We can compare the performance of the models by studying their MAE, RMSE and R-squared values side-by-side, making it very convenient.

```
# Create model_list
model_list <- list(random_forest = randomForestFit, glmnet = glmnetFit)
# Pass model_list to resamples(): resamples
resamples <- resamples(model_list)
resamples
# Summarize the results
summary(resamples)
```

Output:

```
Call:
summary.resamples(object = resamples)
Models: random_forest, glmnet
Number of resamples: 25
MAE
Min. 1st Qu. Median Mean 3rd Qu. Max. NA's
random_forest 1.827043 1.955185 2.227830 2.159293 2.325698 2.462633 0
glmnet 1.906341 2.115096 2.219258 2.256743 2.358562 2.839599 0
RMSE
Min. 1st Qu. Median Mean 3rd Qu. Max. NA's
random_forest 2.251769 2.464010 2.697926 2.668136 2.850605 3.100536 0
glmnet 2.323055 2.544948 2.697235 2.724706 2.819970 3.509943 0
Rsquared
Min. 1st Qu. Median Mean 3rd Qu. Max.
random_forest 4.784201e-02 0.07672433 0.117394 0.1296488 0.1714565 0.3358213
glmnet 8.322920e-07 0.06500280 0.126212 0.1350947 0.1709628 0.4315585
NA's
random_forest 0
glmnet 0
```

From above table, we can tell that the random forest model appears to be better model incoparison to glmnet.

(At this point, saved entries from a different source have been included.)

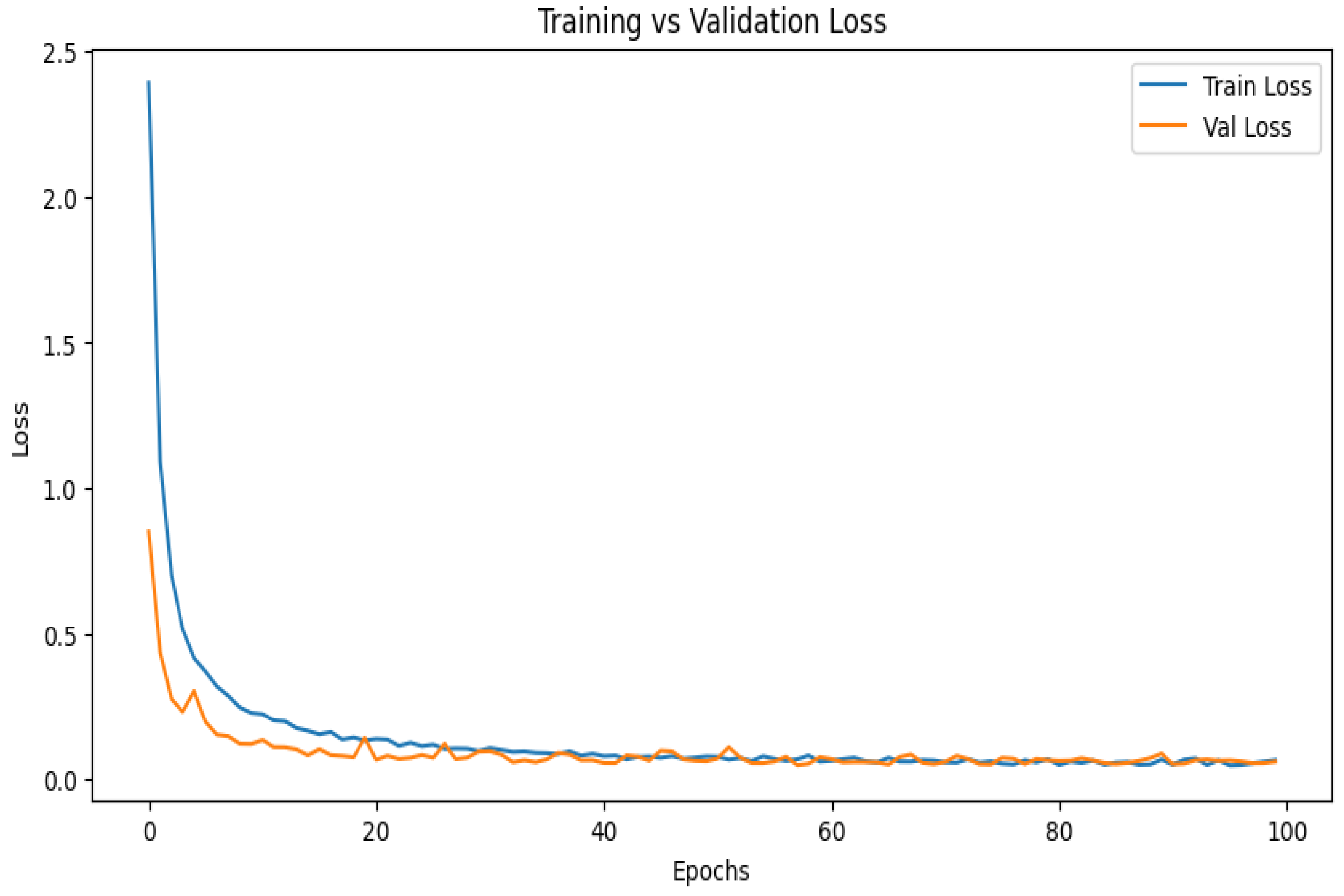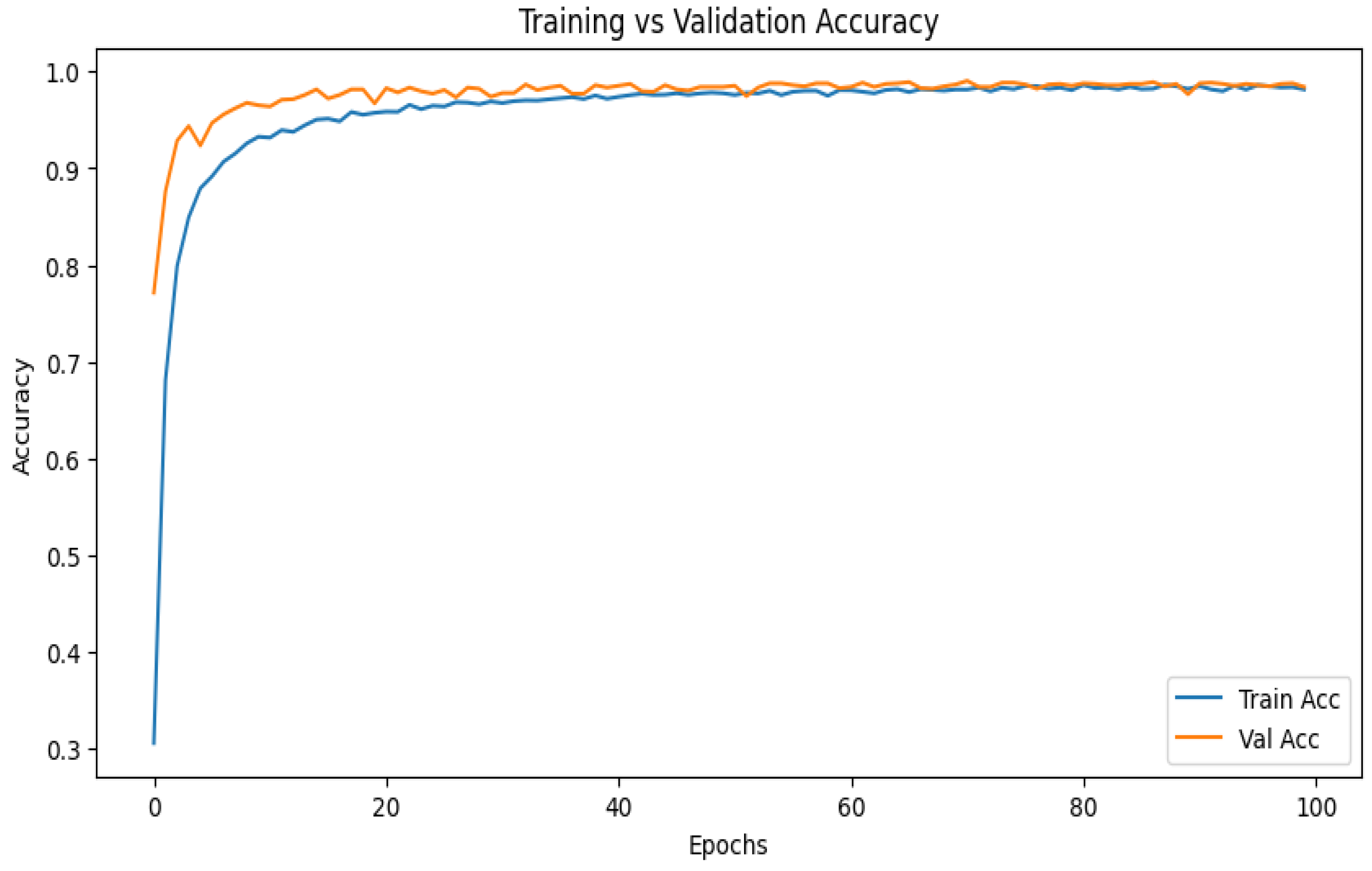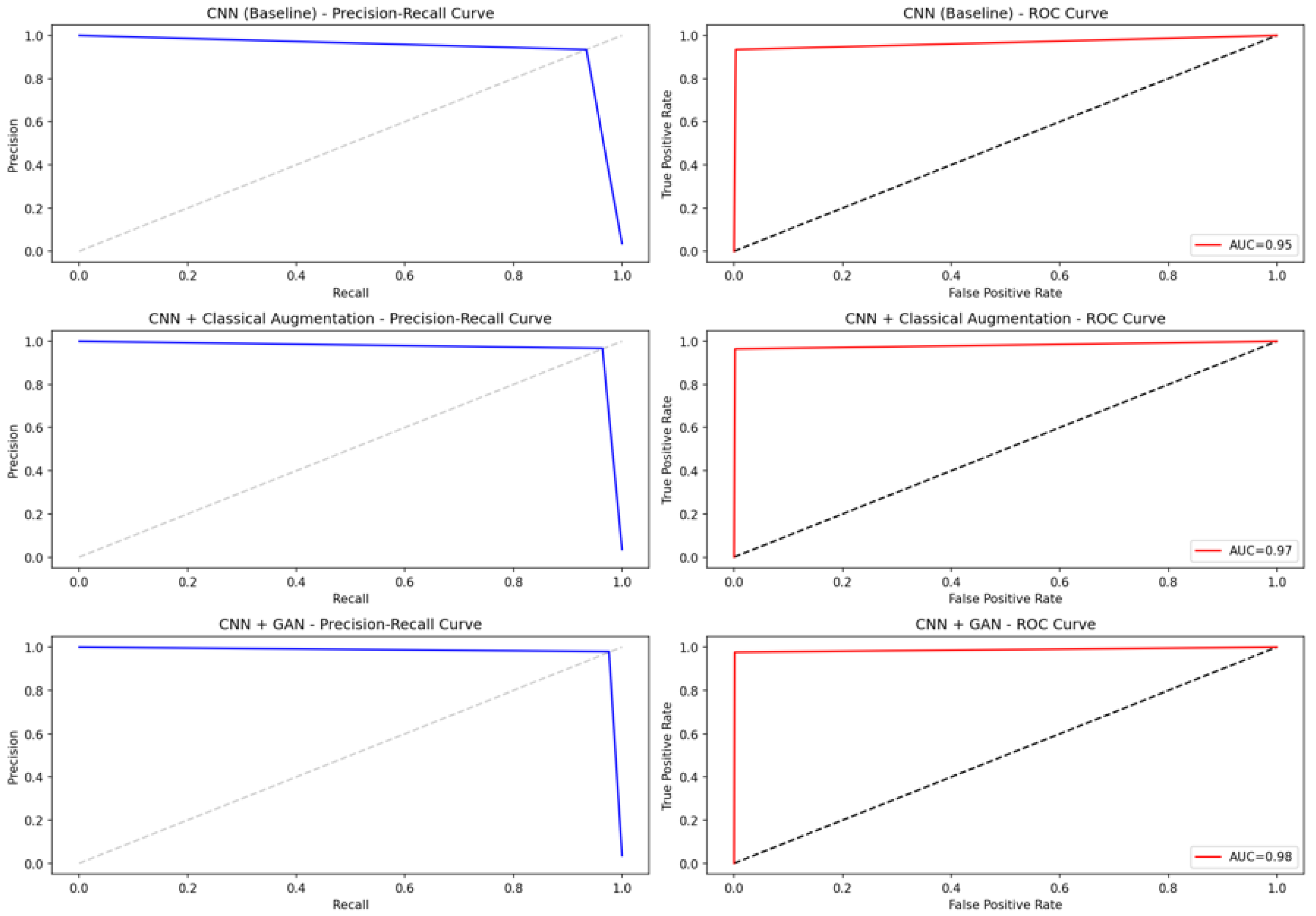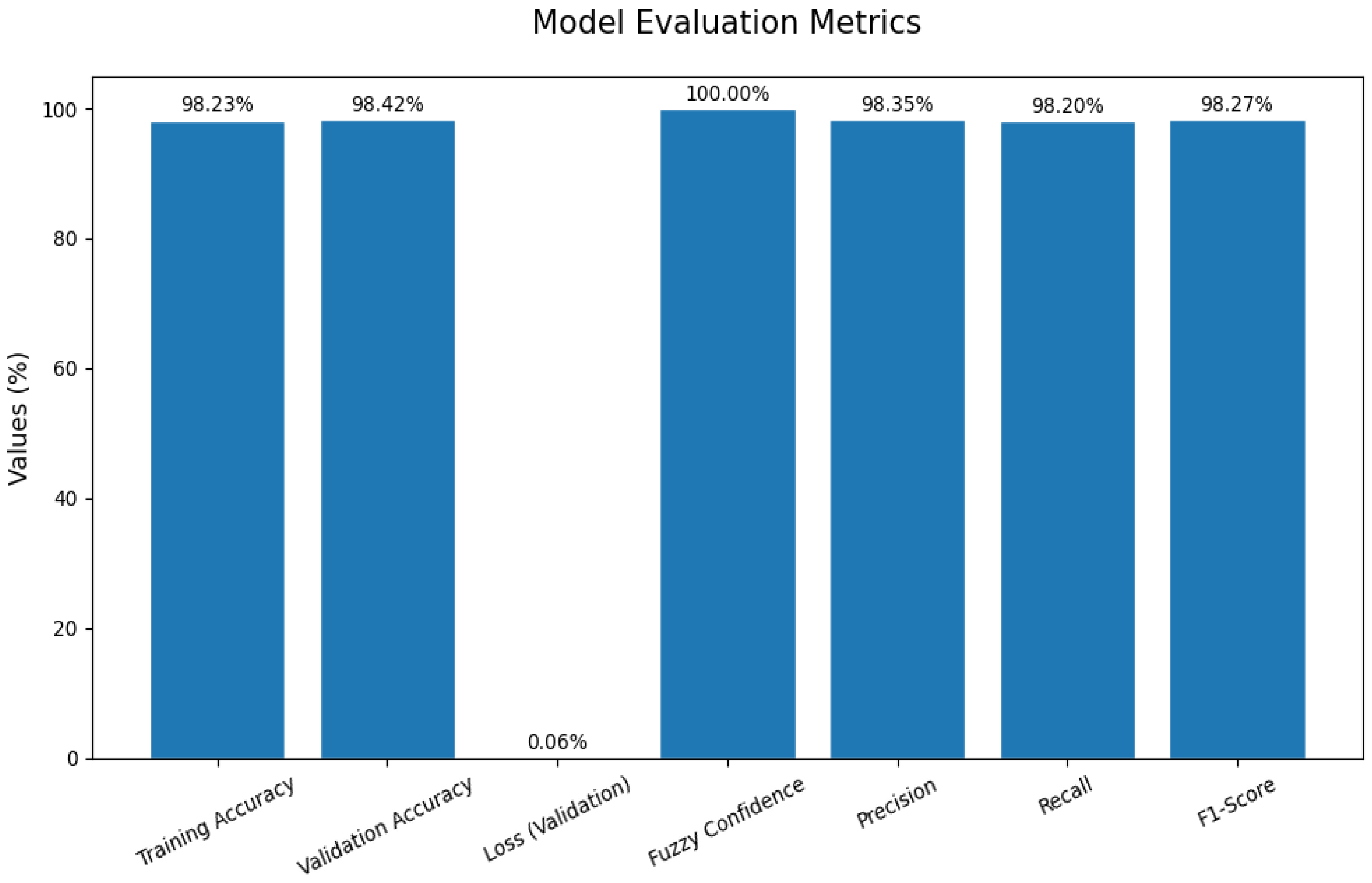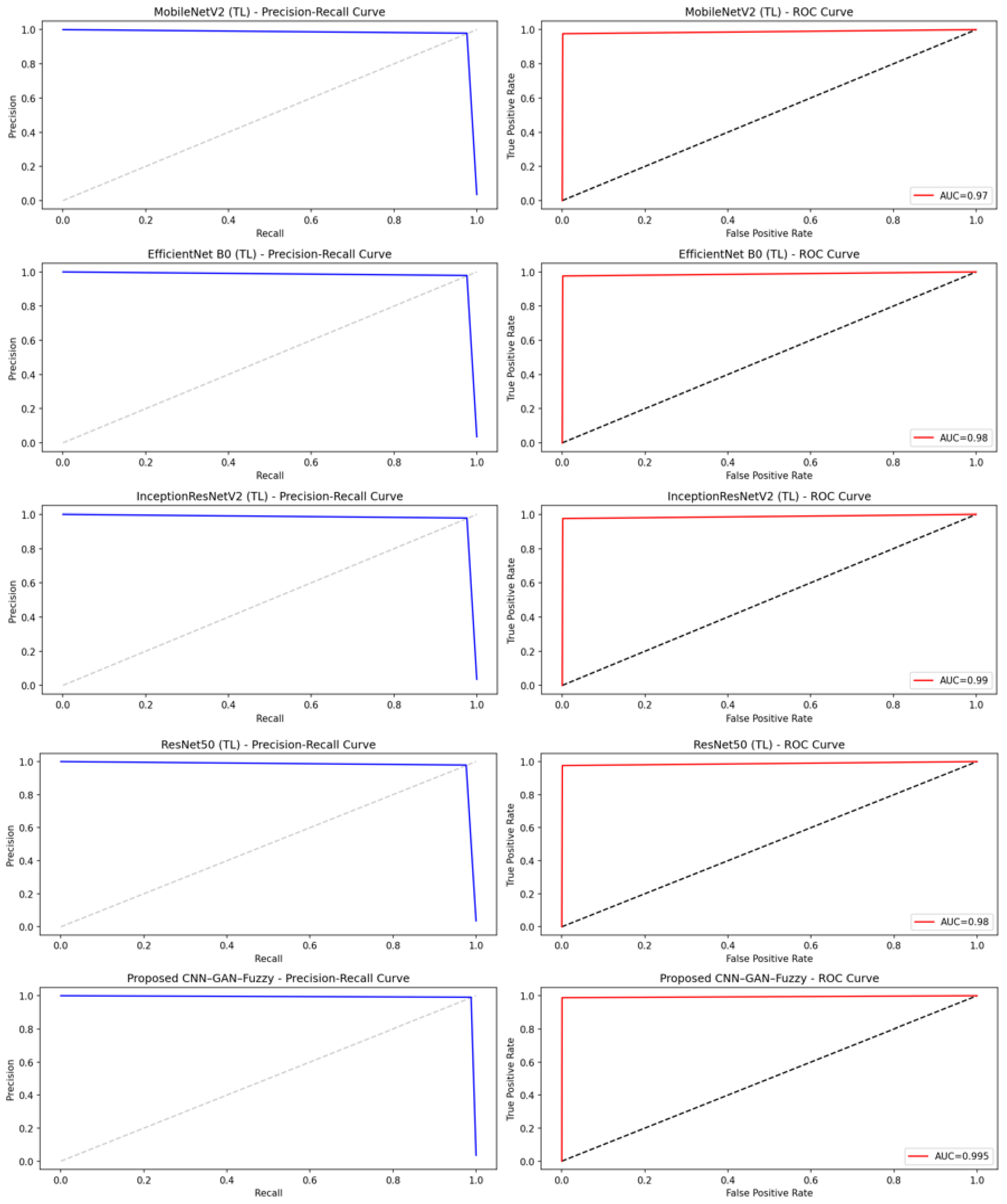 Table 11, the proposed CNN–GAN–Fuzzy model achieves the best overall performance, with an accuracy of 98.42% and near-perfect precision and recall. This gain is not solely attributable to network depth, but also to GAN-based synthetic augmentation, which enriches the training distribution, and to the fuzzy inference stage, which stabilizes decisions in borderline cases.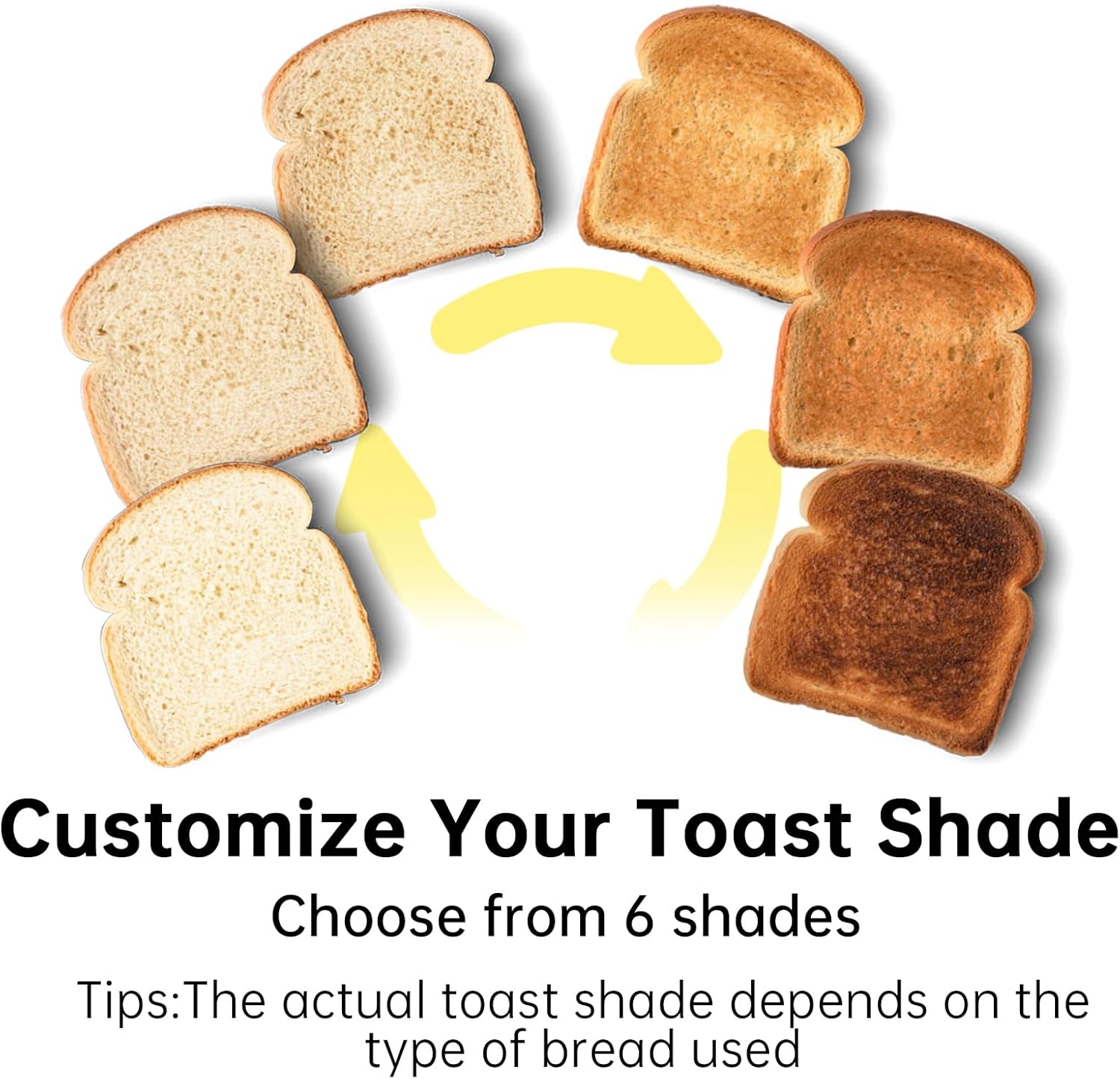 Customizable Toast Levels:With a simple turn of the control knob, you can choose from 6 browning levels to match your preferences, ranging from light to dark toast.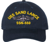Show your Navy pride with this USS Sand Lance SSN-660 with Dolphins Unstructured Dad Cap from SubmarineGear. Crafted from 100% washed chino twill cotton, this six-panel, low-profile cap offers a relaxed and comfortable fit. Featuring high-quality embroidery done in our Scottsboro, Alabama facility, this cap is designed with a pre-curved visor and an adjustable tri-glide buckle closure for a perfect fit. Whether for everyday wear or as a meaningful gift, this cap is a great way to honor your own or a loved one's service.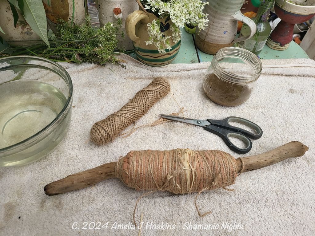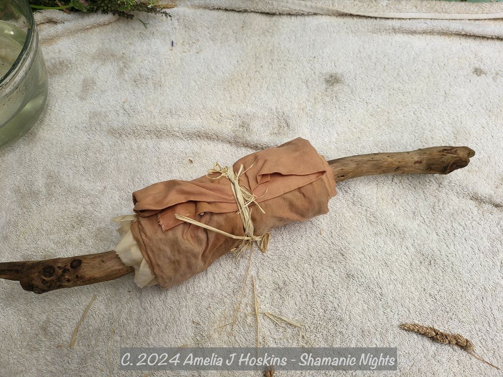 Two silks wrapped around branch with string
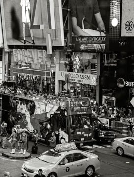 In America’s Stage: Times Square, street photographer Betsy Karel uses five New York City blocks as a metaphor for urban America today. Her premise is that many of the major trends of our society are present in Times Square: globalism, consumerism, ubiquitous sexualization, hucksterism, surveillance, narcissism. All are compressed and amplified here. In Karel’s photos fantasy parades as reality, corporate interests invade almost all public spaces, and Times Square becomes a vivid, almost hyper-realistic, form of theatre.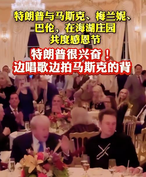 2024年11月28日,特朗普在海湖庄园大摆宴席,庆祝感恩节。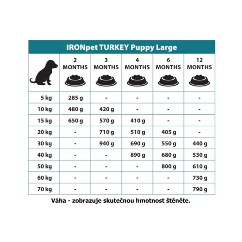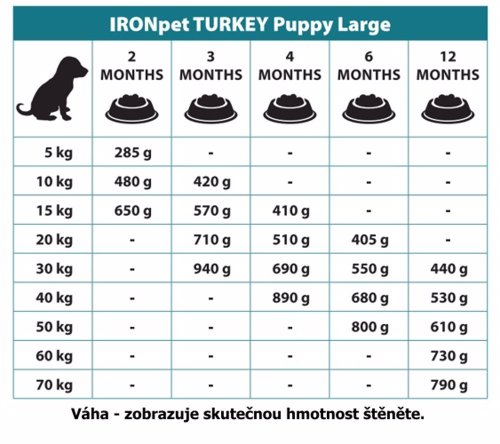 Jediný zdroj živočišných bílkovin s vyváženým poměrem bílkovin a tuku je použito krocaní maso - monoproteinová strava výrazně snižuje riziko vzniku intolerancí a potravinových alergií. IRONpet Dog Puppy Large Turkey (Krocan) neobsahuje lepek a kuřecí maso je tedy hypoalergenní, snadno stravitelné a vhodné i pro psy s citlivým trávením.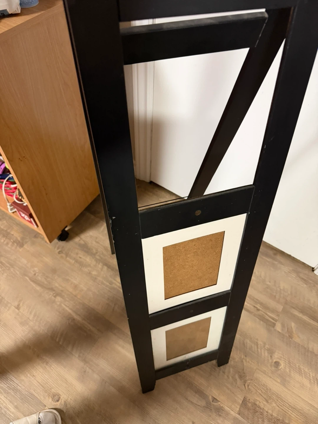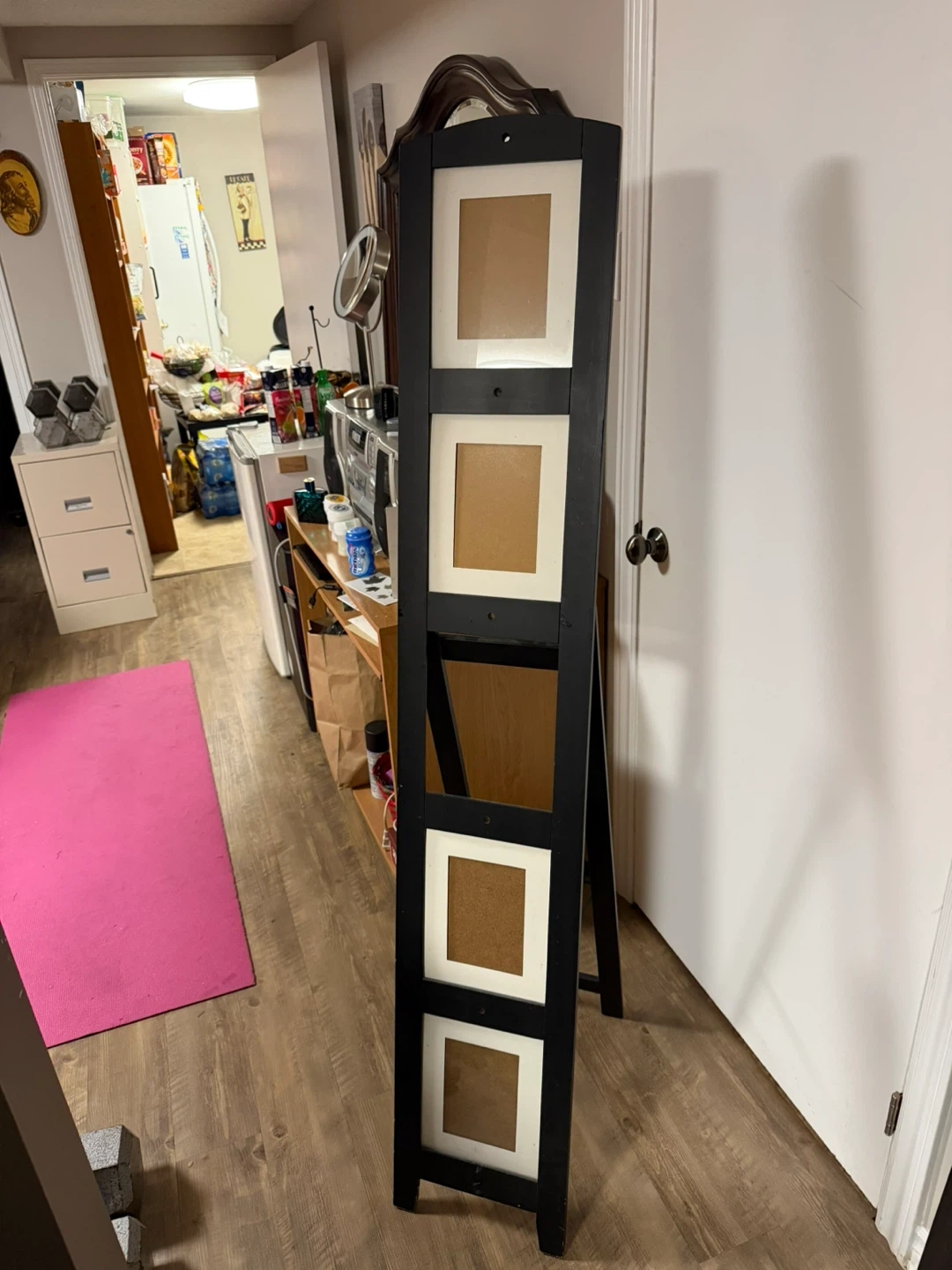 This black standing photo collage frame has four openings. The openings include two larger top slots and two smaller bottom slots. It's a freestanding unit. Middle missing can be left alone or find a replacement at the thrift store or creativity add something 5/3 inch tall

## plot models by MAE, R-squrared and RMSE

Similarly, we can visually inspect the models accuracies.

```
bwplot(resamples, metric = "RMSE")
dotplot(resamples, metric = "RMSE")
```

## Conclusion:

In this tutorial, real genetic markers and phenotype data were used in machine learning models: random forest and glmnet(lasso and ridge regression). Marker data were converted into numeric format and numerically imputed, prior to performing the supervised machine learning. Both models had a very close performance for this data set, but random forest did perform slightly better in comparison to glmet, and most importantly both models listed `marker703`

as the most important variable, which is astoudingly consistent with my `QTL`

analysis, that is the peak QTL marker was in LD with `marker703`

explaining highest phenotypic variance.